### [What you will do]
A picture-free, exact transcript of the entries below is required.

### [Source records]
== == ==
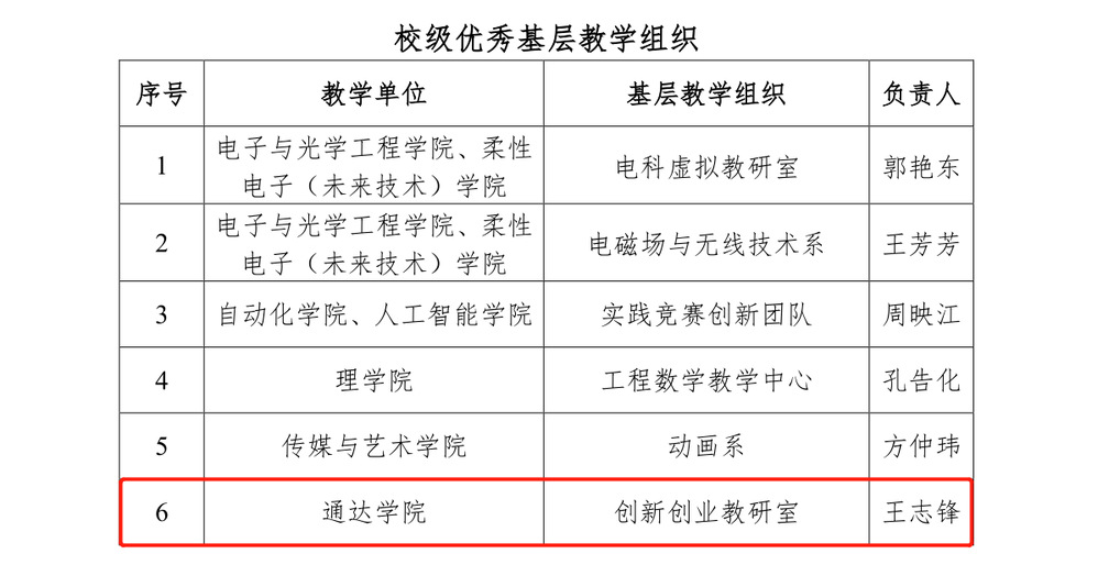 南京邮电大学2023年校级优秀基层教学组织评选结果于近日公布,共评选出校级优秀基层教学组织6个,今年会官网创新创业教研室顺利入选。
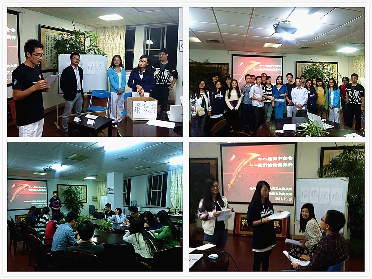 十八届四中全会刚刚落下帷幕,为学习宣传十八届四中全会精神,重温党的治国理政思想,号召大学生了解新形势、新挑战、新任务下社会主义国家法治期许及落实方略,2014年10月24日晚6点30分,社科学院本科生党支部和2013级硕士研究生党支部联合开展以“从生活中学法、知法、守法”为主题的支部生活会。此次支部活动采取“演”“讲”结合的新形式,充分调动每一位支部成员的积极性,以“小组”为单位,主动挖掘生活中与大家休戚相关的法治案例。活动由13级硕士研究生党支部宣传委员李新成主持。
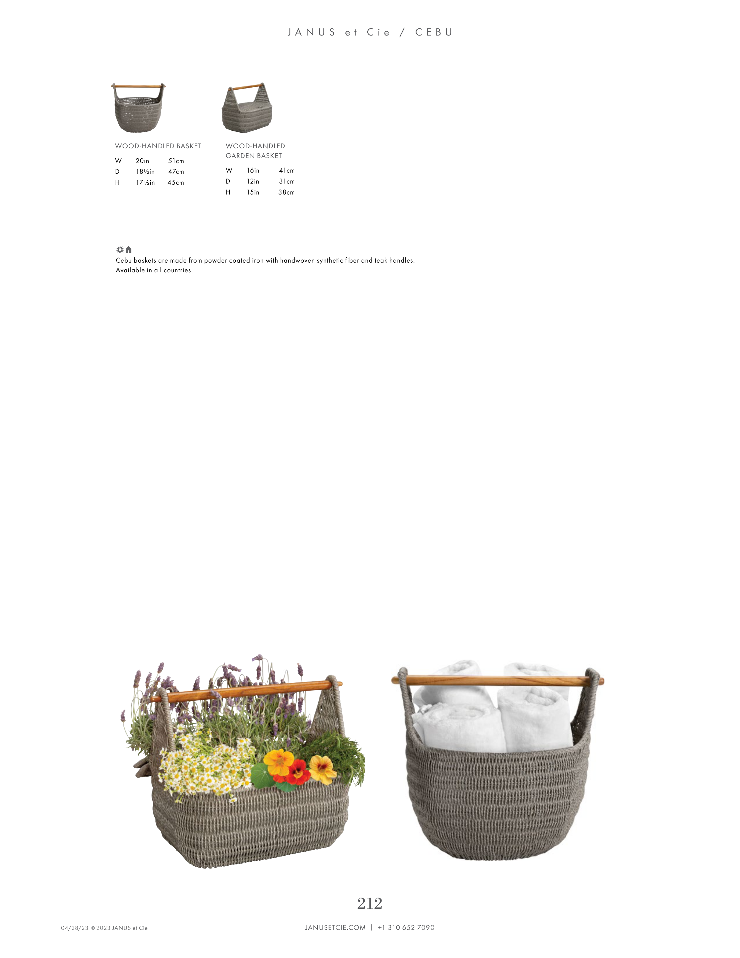 Cebu baskets are made from powder coated iron with handwoven synthetic fiber and teak handles.
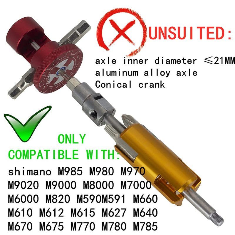 - 【UNSUITED】Bike with aluminum alloy axle & Hollow axle inner diameter ≤21MM & Crank depth <130MM & Conical crank, Please confirm the installation of this tool befor you buy it.
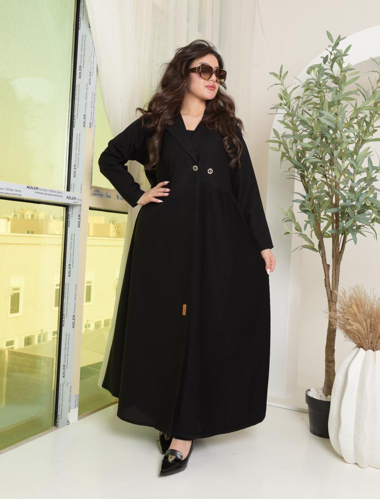 قماش كريب واقف يمتاز بالسود الفاحم, ياقة أمامية مع ازارير راقيه باللون الذهبي والاسود , بالاضافة الى قماش كسرات من المنتصف إلى الاسفل في جهة اليمين ليعطي طابع مميز وأنيق كما موضح في الصور ، قصة كلوش تنسدل بشكل أنيق وجميل.
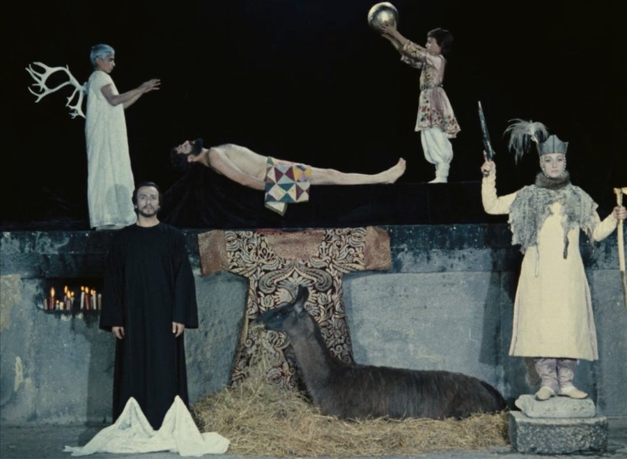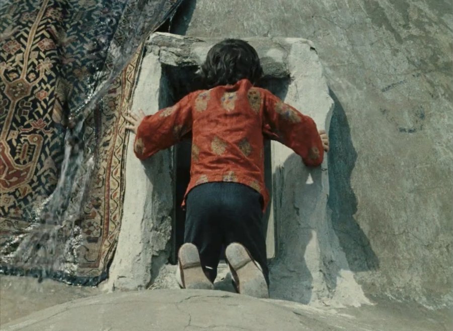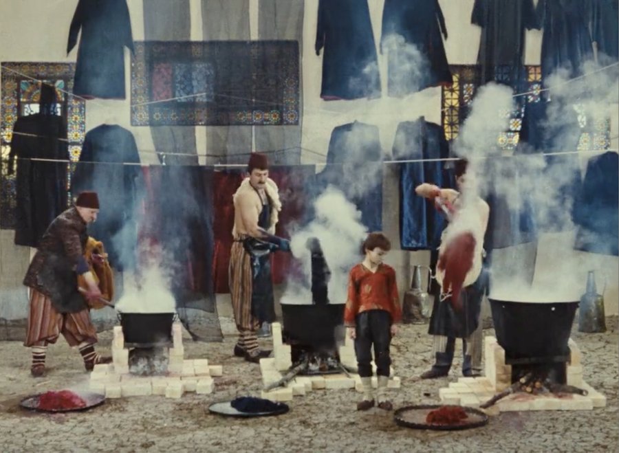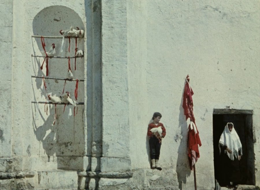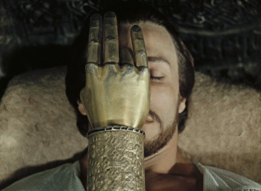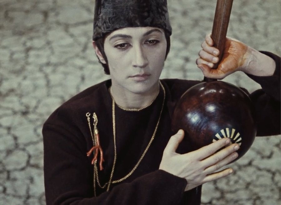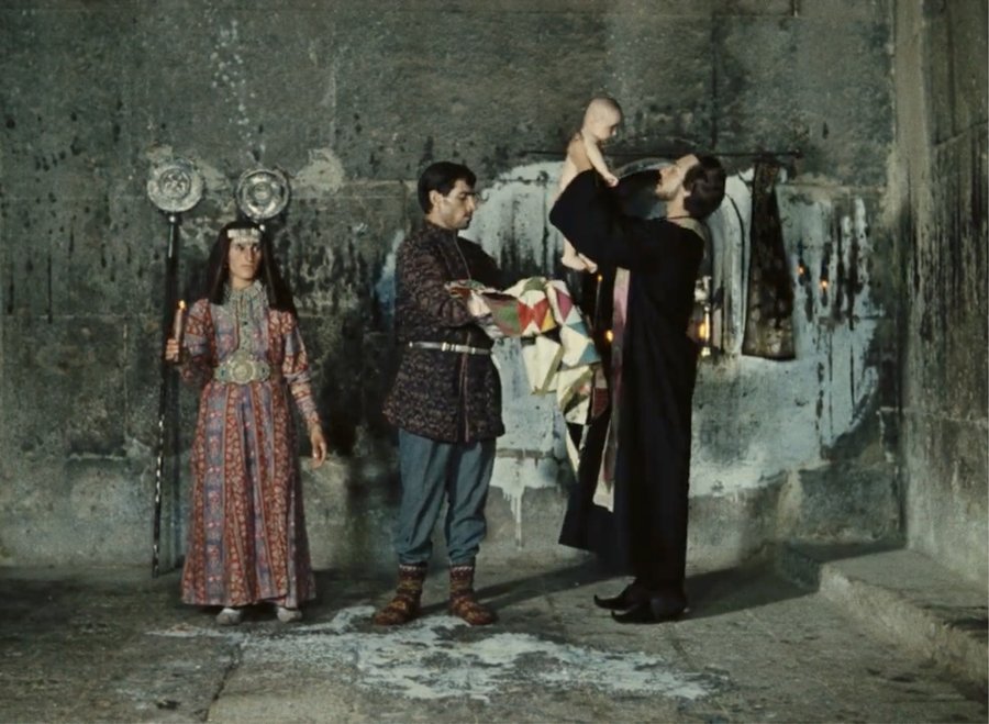 В самом начале Параджанов дает нам понять, какой будет основной конфликт фильма — выбор между земным и духовным. Гранат — символ жизни, который дает сок, ему противопоставлен кинжал, который лишает жизни, кровь похожа на цвет граната
== == ==
### [The answer]
 南京邮电大学2023年校级优秀基层教学组织评选结果于近日公布,共评选出校级优秀基层教学组织6个,今年会官网创新创业教研室顺利入选。
 十八届四中全会刚刚落下帷幕,为学习宣传十八届四中全会精神,重温党的治国理政思想,号召大学生了解新形势、新挑战、新任务下社会主义国家法治期许及落实方略,2014年10月24日晚6点30分,社科学院本科生党支部和2013级硕士研究生党支部联合开展以“从生活中学法、知法、守法”为主题的支部生活会。此次支部活动采取“演”“讲”结合的新形式,充分调动每一位支部成员的积极性,以“小组”为单位,主动挖掘生活中与大家休戚相关的法治案例。活动由13级硕士研究生党支部宣传委员李新成主持。
 Cebu baskets are made from powder coated iron with handwoven synthetic fiber and teak handles.
 - 【UNSUITED】Bike with aluminum alloy axle & Hollow axle inner diameter ≤21MM & Crank depth <130MM & Conical crank, Please confirm the installation of this tool befor you buy it.
 قماش كريب واقف يمتاز بالسود الفاحم, ياقة أمامية مع ازارير راقيه باللون الذهبي والاسود , بالاضافة الى قماش كسرات من المنتصف إلى الاسفل في جهة اليمين ليعطي طابع مميز وأنيق كما موضح في الصور ، قصة كلوش تنسدل بشكل أنيق وجميل.
 В самом начале Параджанов дает нам понять, какой будет основной конфликт фильма — выбор между земным и духовным. Гранат — символ жизни, который дает сок, ему противопоставлен кинжал, который лишает жизни, кровь похожа на цвет граната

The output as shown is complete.